Avdija had a strong fourth period, scoring eight points (including two free-throws), while committing his fifth personal foul. Avdija’s physical style makes him no stranger to fouling; he averages 4.2 fouls per 36 minutes of play.

“I like being physical on defense. That was my kind of name [while playing for Maccabi Tel Aviv],” Avdija has said. “Since I got here, I’m getting a lot of calls because of that. I’m not going to say I’m less physical, I’m going to be smarter with my physicality.”Avdija ended his Garden debut with another first. He committed his sixth personal foul and fouled out for the first time. The Knicks held on to win 131-113 in front of a small but spirited home-town crowd.

Avdija finished with 14 points and four rebounds in just under 22 minutes of action before fouling out, recording a -5 plus/minus while on the floor.

“I played hard,” said Avdija of his performance. “I tried my best even though I fouled out. We will prepare the best we can and come back different for our next game against the Knicks. Losing three games [in New York] is not acceptable.

“I believe we are getting there. The season is not over yet. Everyone hates losing; hopefully we will lose as little as possible.

”The Garden, with a usual capacity of 20,789, is only operating at 10% capacity due to COVID-19 restrictions. According to the MSG website, new guidelines make it easier for fans to attend as they can now enter with proof of a negative antibody test or full coronavirus vaccination. Members of the media were required to arrive four hours prior to 7:30 p.m. tip off for a health screening and COVID test (I was required to sit in a designated seat for two hours until my results came back negative). Journalists were escorted to media seating and not permitted to leave their designated area during the game. All media sessions pre- and post-game were on Zoom.

From the media section on “the bridge,” located near large banners of retired Knicks and Rangers players, championship pennants, and special banners marking such milestones as “Phish The Bakers Dozen” (12 consecutive nights at the Garden, Summer 2017) and “Billy Joel 119” – most lifetime performances by any artist, reporters look down on thousands of empty seats and scattered fans.
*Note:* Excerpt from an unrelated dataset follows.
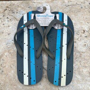 Showaflops Sandals Mens 11-12 Blue Striped Antimicrobial Slides Flip Flops

Among the small crowd was a mini section of Israeli flag-waving Avdija fans.

Israeli-American Matan Karudo, a 21-year-old Wizards super-fan, was seeing Deni play in person for the second night in three days.

“On Sunday at Barclays Center, I managed to get the closest seats I could to the Wizards!” In contrast to the relatively small Israeli presence at Madison Square Garden, Karudo noted, “There was a massive Israeli and Jewish presence in the section and arena. There were lots of Hebrew speakers I spoke to! We were all excited to see him play! I brought my flag and waved it the whole time.”Karudo was determined to get Avdija’s autograph, but was too far away. Instead, Karudo said, “he tossed me his wristband! That was really exciting! I hope to frame it with my anticipated signed jersey that I’m trying to get this week.

”At the Garden, Karudo sat close to the court with his Israeli-born uncle, Kobi Avgi, who exclaimed, “I want our Israelis to succeed in the NBA. I am a lifelong Knicks fan, but today I am cheering for the Wizards!

”On this night, cheers were not enough.

Coach Brooks was not impressed with his team’s performance.

“They outplayed us from the start. If you don’t compete with some physicality, it will be a long night. We didn’t play well – starters or the bench. It needs to be better going into the next game.

”The Wizards and Avdija have one more chance to beat the Knicks at MSG this week. Tip-off is 7:30 p.m. ET Thursday.